Let’s assume that you have identified a data source that can be downloaded from a website and is a sample that represents the United States adult population, 18 years and older. The next activity is exploratory data analysis, and you start with the expectation that when you inspect your data that there will be 10,123 rows (or records), each representing an individual in the US as this is the information provided in the documentation, or codebook, that comes with the dataset. The codebook also tells you that there will be a variable indicating the age of each individual in the dataset.
When you inspect the data, though, you notice that there are only 4,803 rows, so return to the codebook to confirm that your expectations are correct about the number of rows, and when you confirm that your expectations are correct, you return to the website where you downloaded the files and discover that there were two files that contained the data you needed, with one file containing 4,803 records and the second file containing the remaining 5,320 records. You download the second file and read it into your statistical software package and append the second file to the first.
Now you have the correct number of rows, so you move on to determine if your expectations about the age of the population matches your expectations, which is that everyone is 18 years or older. You summarize the age variable, so you can view the minimum and maximum values and find that all individuals are 18 years or older, which matches your expectations. Although there is more that you would do to inspect and explore your data, these two tasks are examples of the approach to take. Ultimately, you will use this data set to estimate the prevalence of uncontrolled asthma among adults in the US.
The third activity is building a statistical model, which is needed in order to determine the demographic characteristics that best predict that someone has uncontrolled asthma. Statistical models serve to produce a precise formulation of your question so that you can see exactly how you want to use your data, whether it is to estimate a specific parameter or to make a prediction. Statistical models also provide a formal framework in which you can challenge your findings and test your assumptions.
Now that you have estimated the prevalence of uncontrolled asthma among US adults and determined that age, gender, race, body mass index, smoking status, and income are the best predictors of uncontrolled asthma available, you move to the fourth core activity, which is interpreting the results. In reality, interpreting results happens along with model building as well as after you’ve finished building your model, but conceptually they are distinct activities.
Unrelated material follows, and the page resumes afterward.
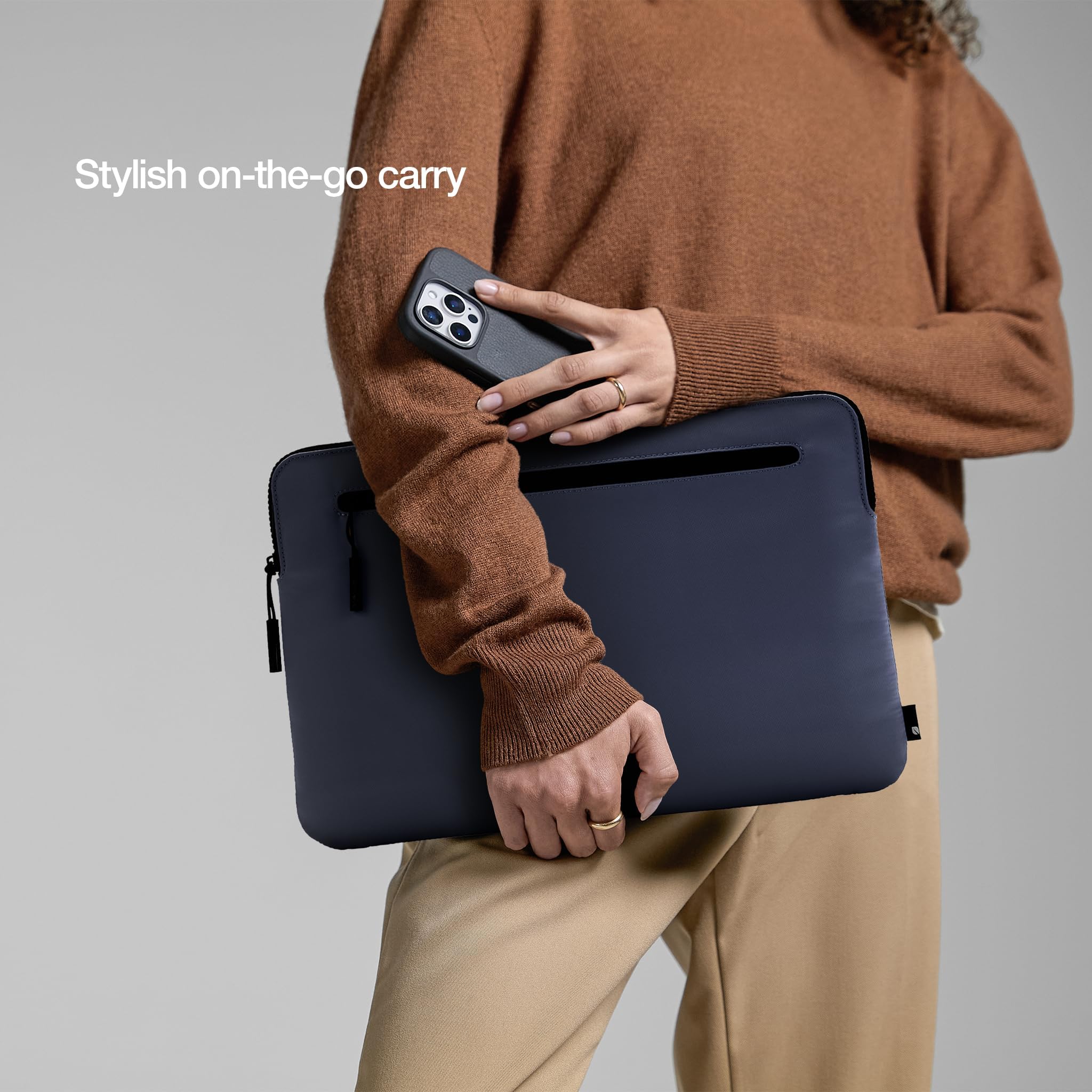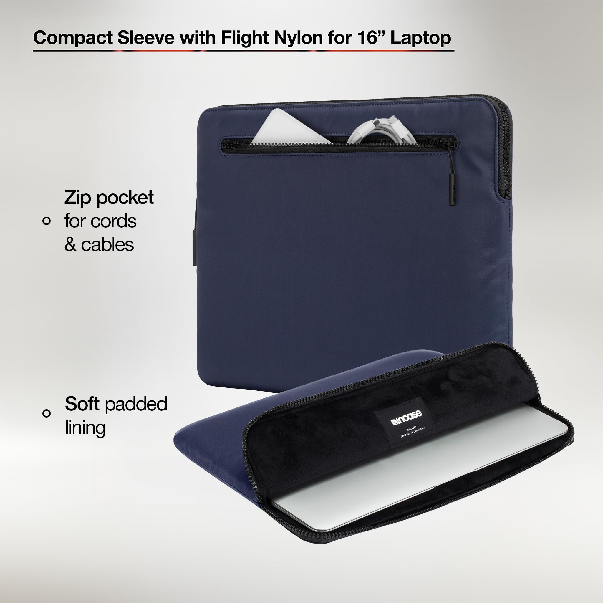 Protect your device in style with the Incase Compact Sleeve 16", designed for those who value premium protection and sleek design. Compatible with MacBook Air, MacBook Pro, iPad, and most 16-inch laptops including Lenovo, this laptop sleeve is available in two refined material options: Flight Nylon, a smooth, lightweight fabric known for its close weave and durability, and Woolenex, a dual-weave polyester that resists moisture, chemicals, and abrasion. The interior is lined with plush faux fur that cushions your device and prevents scratches, while the streamlined silhouette slips easily into any backpack, laptop bag, or tote. A front panel zippered pocket offers space for your essential laptop accessories like chargers, cables, or earbuds. Finished with custom metal zipper pulls, this 16 inch laptop cover blends style and functionality to keep your device protected wherever you go. Whether you're commuting, working remotely, or heading to class, the Incase Compact Sleeve is the ideal choice for anyone looking for a reliable, stylish MacBook case, laptop sleeve, or computer case. The Compact Sleeve with Flight Nylon is designed to fit all 16" models from 2016–2024, including the latest MacBook Pro and MacBook Air, and is a smart addition to your collection of laptop accessories. The Compact Sleeve with Woolenex is designed to fit models from 2019-2024.

Let’s assume you’ve built your final model and so you are moving on to interpreting the findings of your model. When you examine your final predictive model, initially your expectations are matched as age, African American/black race, body mass index, smoking status, and low income are all positively associated with uncontrolled asthma.
However, you notice that female gender is *inversely* associated with uncontrolled asthma, when your research and discussions with experts indicate that among adults, female gender should be positively associated with uncontrolled asthma. This mismatch between expectations and results leads you to pause and do some exploring to determine if your results are indeed correct and you need to adjust your expectations or if there is a problem with your results rather than your expectations. After some digging, you discover that you had thought that the gender variable was coded 1 for female and 0 for male, but instead the codebook indicates that the gender variable was coded 1 for male and 0 for female. So the interpretation of your results was incorrect, not your expectations. Now that you understand what the coding is for the gender variable, your interpretation of the model results matches your expectations, so you can move on to communicating your findings.
Lastly, you communicate your findings, and yes, the epicycle applies to communication as well. For the purposes of this example, let’s assume you’ve put together an informal report that includes a brief summary of your findings. Your expectation is that your report will communicate the information your boss is interested in knowing. You meet with your boss to review the findings and she asks two questions: (1) how recently the data in the dataset were collected and (2) how changing demographic patterns projected to occur in the next 5-10 years would be expected to affect the prevalence of uncontrolled asthma. Although it may be disappointing that your report does not fully meet your boss’s needs, getting feedback is a critical part of doing a data analysis, and in fact, we would argue that a good data analysis requires communication, feedback, and then actions in response to the feedback.
Although you know the answer about the years when the data were collected, you realize you did not include this information in your report, so you revise the report to include it. You also realize that your boss’s question about the effect of changing demographics on the prevalence of uncontrolled asthma is a good one since your company wants to predict the size of the market in the future, so you now have a new data analysis to tackle. You should also feel good that your data analysis brought additional questions to the forefront, as this is one characteristic of a successful data analysis.
In the next chapters, we will make extensive use of this framework to discuss how each activity in the data analysis process needs to be continuously iterated. While executing the three steps may seem tedious at first, eventually, you will get the hang of it and the cycling of the process will occur naturally and subconsciously. Indeed, we would argue that most of the best data analysts don’t even realize they are doing this!
What are the 6 Types of Questions to ask?
- Descriptive
- Exploratory
- Inferential
- Predictive
- Causal
- Mechanistic
What is A descriptive question?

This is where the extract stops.